_Aim of the task_
In the material below, find the line containing "A tervek alapján" and the line containing "Gewindetiefe Z (mm) |". Output those two lines and all lines between them exactly, without pictures.

_Data to examine_
++++++

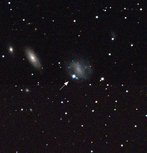 The pictured hypernova has been linked to gama ray burst GRB 980425, which was detected on 25 April 1998, the first time a gamma-ray burst has been linked to a hypernova. The hypernova is approx 140 million light years away, very close for a gamma ray burst source.
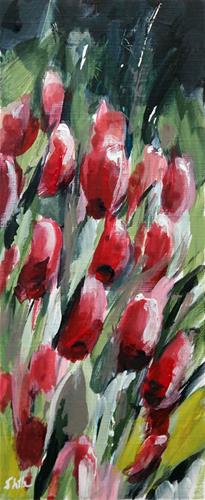 I don't have time for big jumps and big paintings, so now I have painted some small formats and fast spring works. It starts with the tulips in the field.
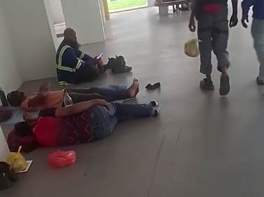 面对一连串质问,客工们只是默默坐在地上,低头不语。镜头捕捉到他们脸上写满的无措与委屈——那是一种无端被羞辱后的沉默。
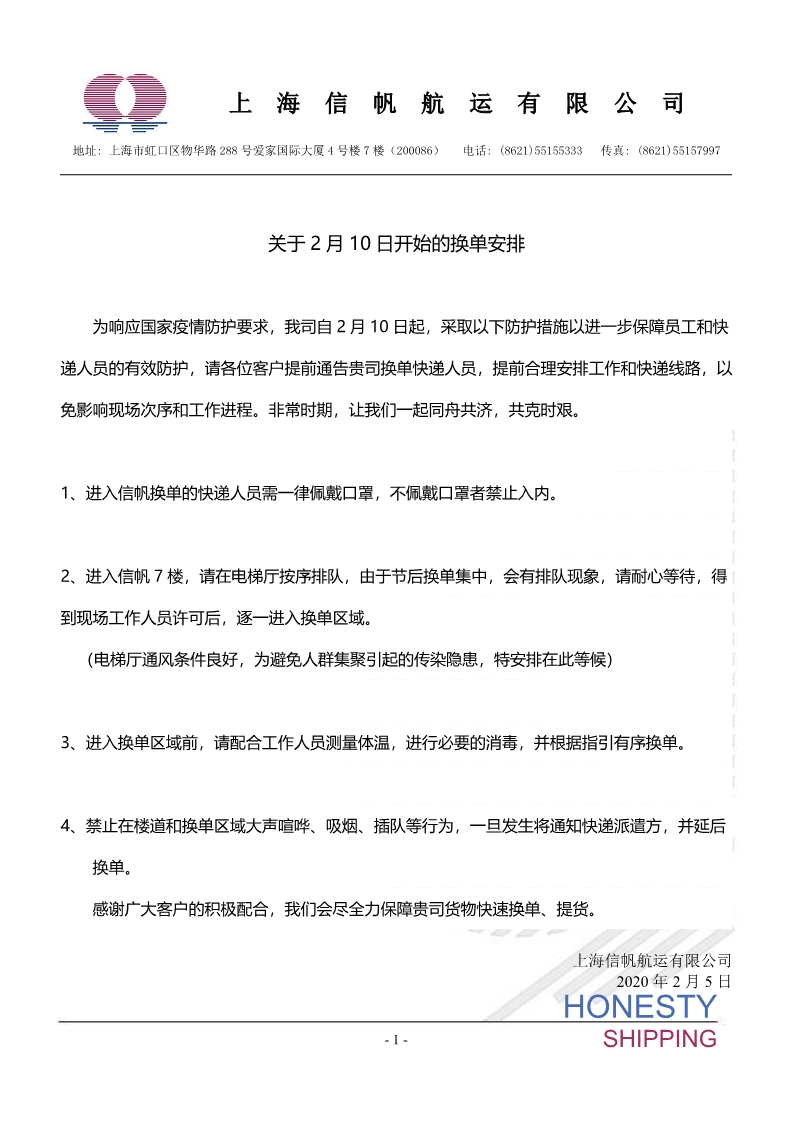 关于“信帆关于2月10日开始的换单安排”通知
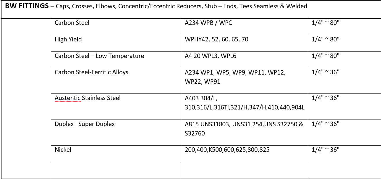 Materials : Carbon Steel, Alloy steel, Low Temp, Stainless Steel, Chrome, Aluminum, Duplex, , Inconel, Nickel Alloys, Hastelloys, Titanium
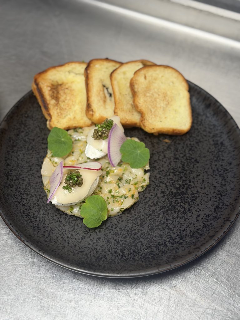 Pastry Chef Jessica Anderson is back, her menu of in-house breads and pastries dovetailing nicely with Chef Blea’s culinary options. The joy of the breadbasket cannot be overstated, whether its slabs of freshly baked bread, focaccia or dinner rolls. But be careful not to fill up, as there are several don’t-miss appetizers. The scallop tartare is a magical dish, with a simple list of ingredients put together with incredible sophistication and precision. Japanese Hokkaido scallops are diced and dusted with olive oil, served with an herbed crème fraiche and brioche toast points. In some sort of kitchen alchemy, the delicate scallops seem to melt in the mouth while the crème fraiche keeps its structure. Adding in savory pops from the occasional caviar burst, you’ll want to share this one with the table so everyone can ooh and aah together.
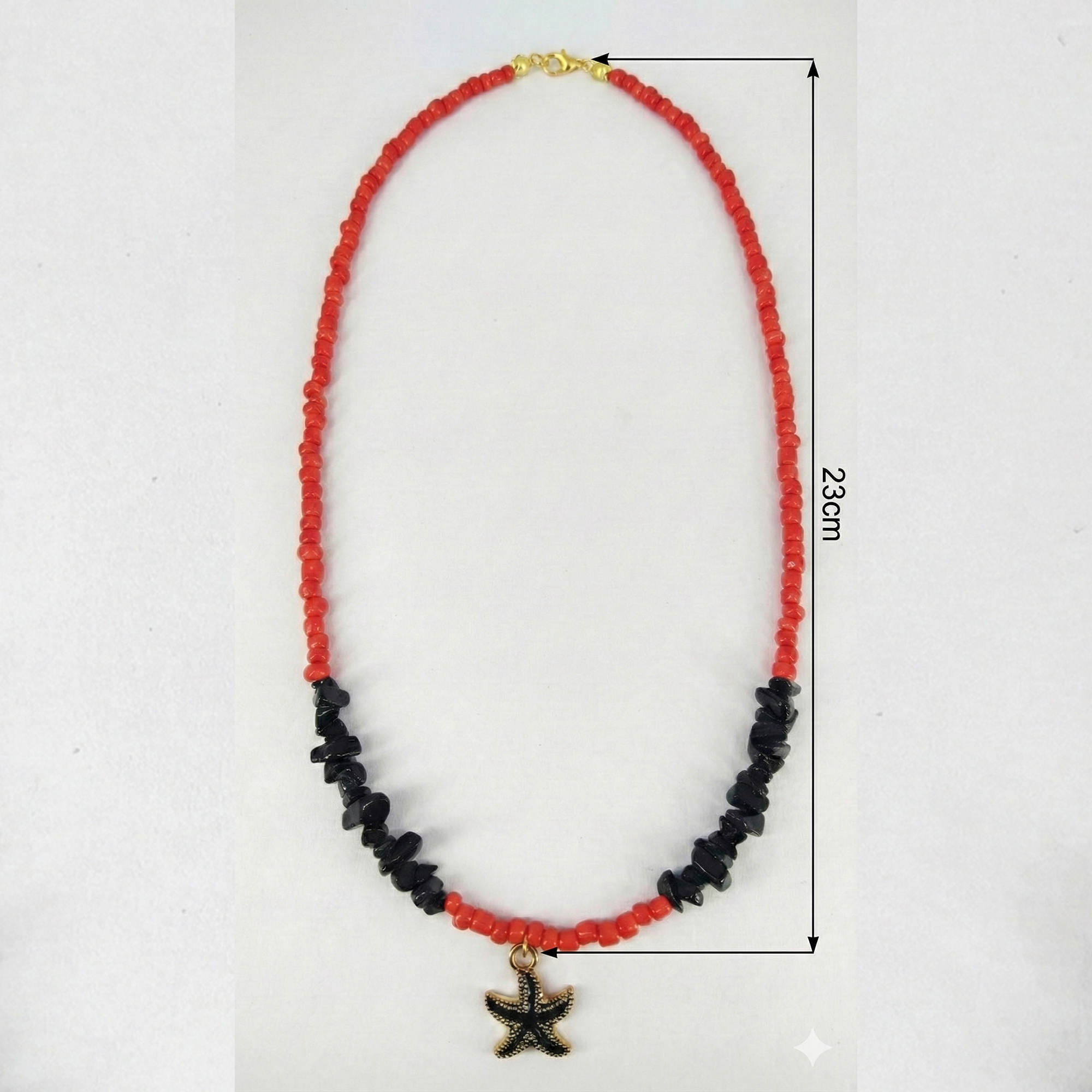 | Item Name | Red Coral and Black Onyx Beaded Necklace With Star Pendant |
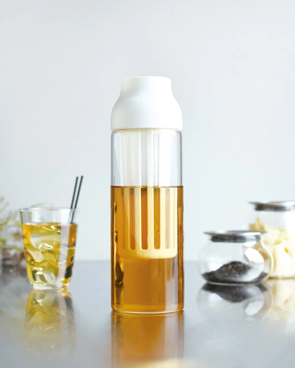 This carafe is created to provide ease of use, as the lid of the carafe opens automatically when the bottle is tipped, allowing you to pour out from any direction. As the bottle is made of heat-resistant glass, odors and stains do not remain and it is easy to keep clean. The new Capsule cold brew carafe comes with a mesh filter that lets you easily make delicious cold brew coffee and tea. Japanese homewares company Kinto have been designing and producing smart, design-driven products since 1972. Kinto's sensibly designed tableware and serving ware carefully balances usability and aesthetics to provide comfort for everyday use.
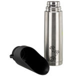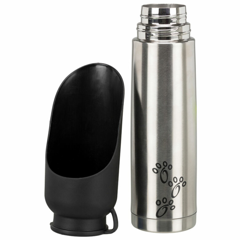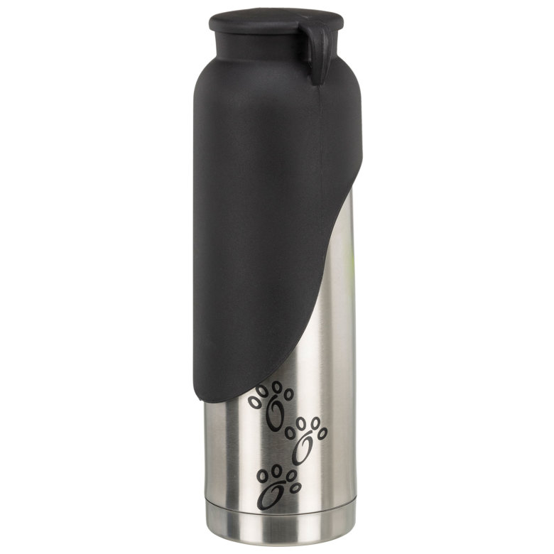 Thermoflaska i rostfritt stål och plast. Rymmer 500 ml. Lockets form gör locket lämplig som vattenskål. Håller temperaturen på dricksvattnet varmt eller svalt i 6-8 timmar. Färg: Svart/Silver.
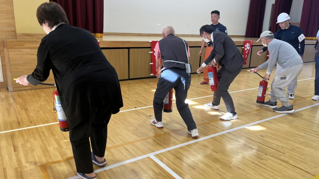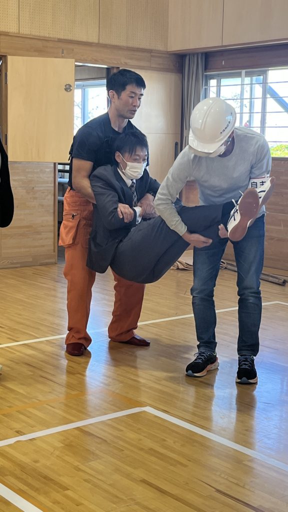 シェイクアウト訓練、消火器訓練、搬送訓練について消防や市役所の方からご指導をいただきました。
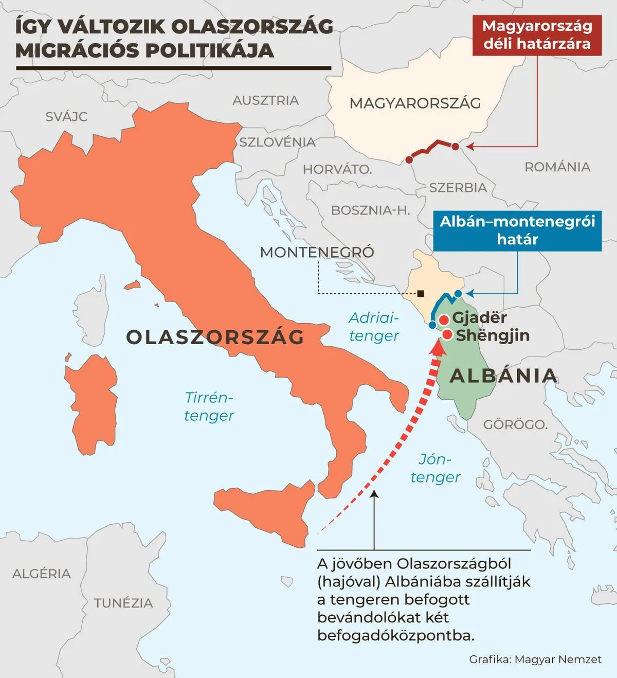 A tervek alapján a két központ évi 36 ezer migránst vállalna át Olaszországtól, és ide elsősorban azokat a biztonságos országból származó férfi bevándorlókat szállítanák, akiket az olasz haditengerészet fog el olasz felségvizeken. Az olasz hajók ezeket a férfiakat már nem Olaszországba, hanem egyenesen az albán központokba vinné. A nőket, gyermekeket és a valamilyen fogyatékossággal élőket viszont továbbra is az olasz partokhoz szállítanák.
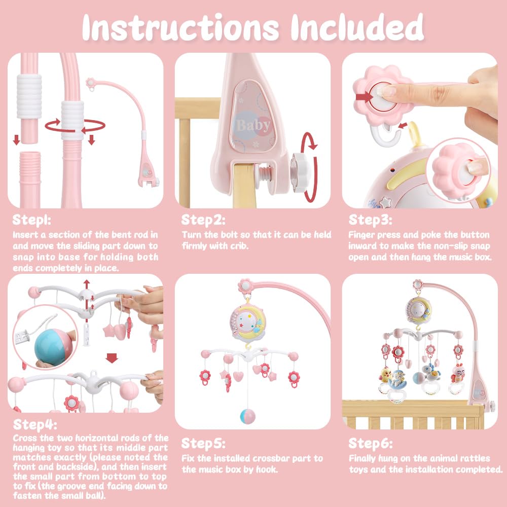 The Baby Musical Crib Mobile is designed to bring peace and comfort to your little oneâs sleep time. Combining style and function, it features a soft, whimsical design that adds a touch of magic to any nursery. Integrated star lights and image projections create a dreamy environment, helping your baby relax and drift off to sleep more easily.
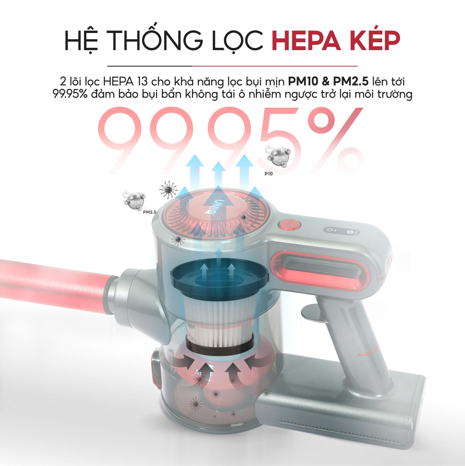 - MÀNG LỌC HEPA KÉP ĐẦU RA & ĐẦU VÀO lọc sạch 99,95% bụi mịn PM10 và PM2.5 có kích thước từ 0.3 micron, mang lại không khí trong lành, an toàn cho sức khỏe
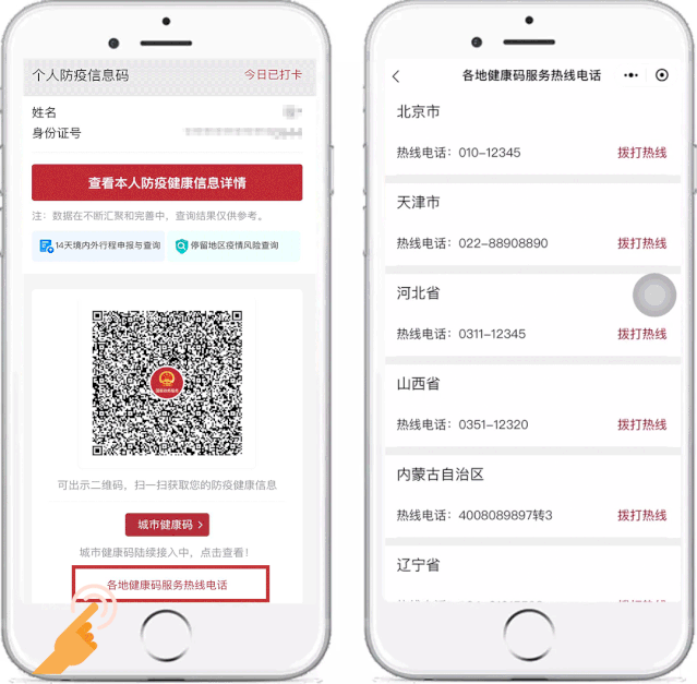 現(xiàn)在,在防疫信息碼的亮碼頁增加了“各地健康碼服務熱線電話”,用戶可通過服務熱線咨詢健康碼使用問題。
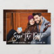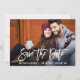 Script de Pincel Moderno Salve O Cartão com fotos De Anúncio Do Noivado De Data - Script Branco, Madeira Rústica De Volta
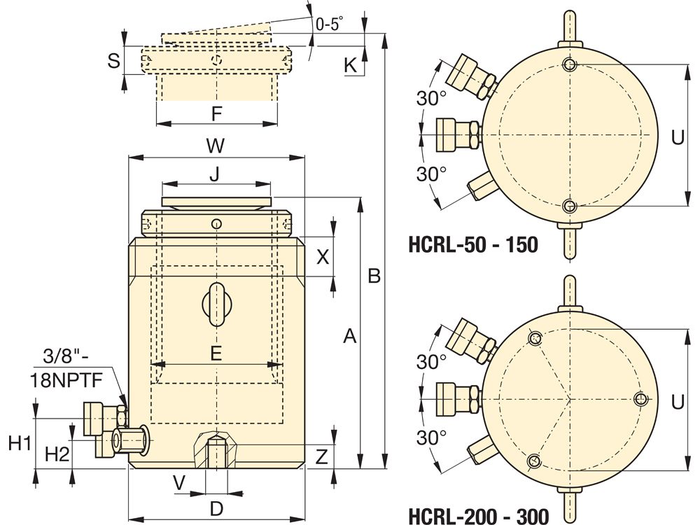 | Doppeltw. mit Mutter HCRL | Druckkraft (t) | Bauhöhe eingefahren A (mm) | Bauhöhe ausgefahren B (mm) | Außendurchmesser D (mm) | Innendurchmesser E (mm) | Kolbenstangen durchmesser F (mm) | Basis bis Ausfahr-Anschluss H1 (mm) | Basis bis Einfahr-Anschluss H2 (mm) | Druckstückdurchmesser J (mm) | Druckstücküberstand K (mm) | Höhe Sicherungsmutter S (mm) | Bodenbefestigungsbohrungen LochkreisØ U (mm) | Bodenbefestigungsbohrungen Gewinde V (mm) | Außengewinde W (mm) | Befestigungsgewindelänge X (mm) | Bodenbefestigungsbohrungen Gewindetiefe Z (mm) |
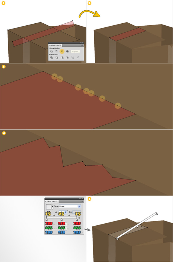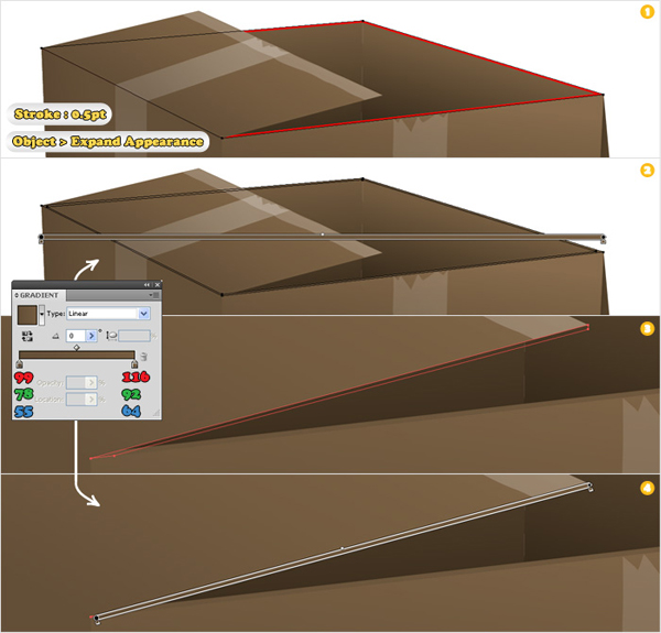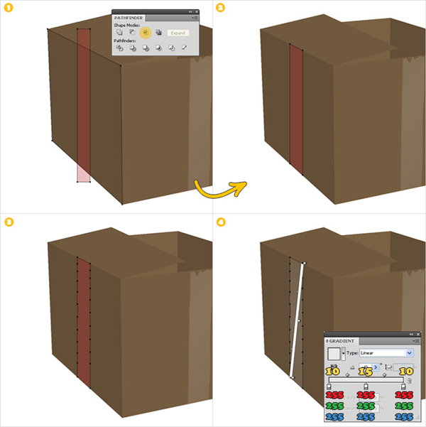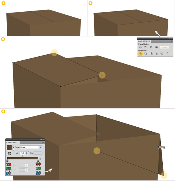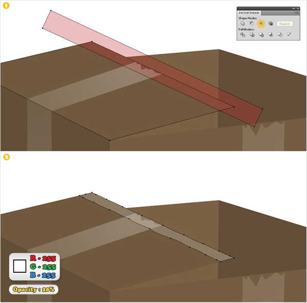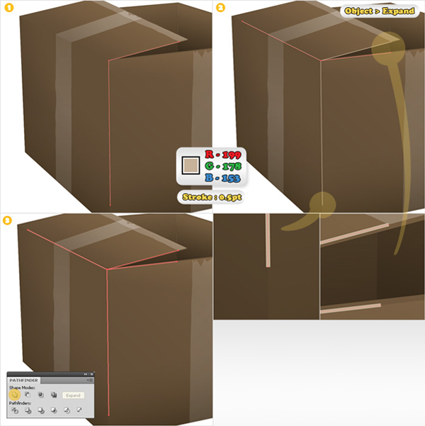 Using the Pen Tool (P) create two simple paths over the edges of the cardboard box (as shown in images "1" and "2"). Add a 0.5pt stroke (color R=199 G=178 B=153) to each of these shapes. Select both paths and go to Object > Expand. Select the resulting shapes and click on the Unite button from the Pathfinder panel.

++++++

_Exercise solution_
 A tervek alapján a két központ évi 36 ezer migránst vállalna át Olaszországtól, és ide elsősorban azokat a biztonságos országból származó férfi bevándorlókat szállítanák, akiket az olasz haditengerészet fog el olasz felségvizeken. Az olasz hajók ezeket a férfiakat már nem Olaszországba, hanem egyenesen az albán központokba vinné. A nőket, gyermekeket és a valamilyen fogyatékossággal élőket viszont továbbra is az olasz partokhoz szállítanák.
 The Baby Musical Crib Mobile is designed to bring peace and comfort to your little oneâs sleep time. Combining style and function, it features a soft, whimsical design that adds a touch of magic to any nursery. Integrated star lights and image projections create a dreamy environment, helping your baby relax and drift off to sleep more easily.
 - MÀNG LỌC HEPA KÉP ĐẦU RA & ĐẦU VÀO lọc sạch 99,95% bụi mịn PM10 và PM2.5 có kích thước từ 0.3 micron, mang lại không khí trong lành, an toàn cho sức khỏe
 現(xiàn)在,在防疫信息碼的亮碼頁增加了“各地健康碼服務熱線電話”,用戶可通過服務熱線咨詢健康碼使用問題。
 Script de Pincel Moderno Salve O Cartão com fotos De Anúncio Do Noivado De Data - Script Branco, Madeira Rústica De Volta
 | Doppeltw. mit Mutter HCRL | Druckkraft (t) | Bauhöhe eingefahren A (mm) | Bauhöhe ausgefahren B (mm) | Außendurchmesser D (mm) | Innendurchmesser E (mm) | Kolbenstangen durchmesser F (mm) | Basis bis Ausfahr-Anschluss H1 (mm) | Basis bis Einfahr-Anschluss H2 (mm) | Druckstückdurchmesser J (mm) | Druckstücküberstand K (mm) | Höhe Sicherungsmutter S (mm) | Bodenbefestigungsbohrungen LochkreisØ U (mm) | Bodenbefestigungsbohrungen Gewinde V (mm) | Außengewinde W (mm) | Befestigungsgewindelänge X (mm) | Bodenbefestigungsbohrungen Gewindetiefe Z (mm) |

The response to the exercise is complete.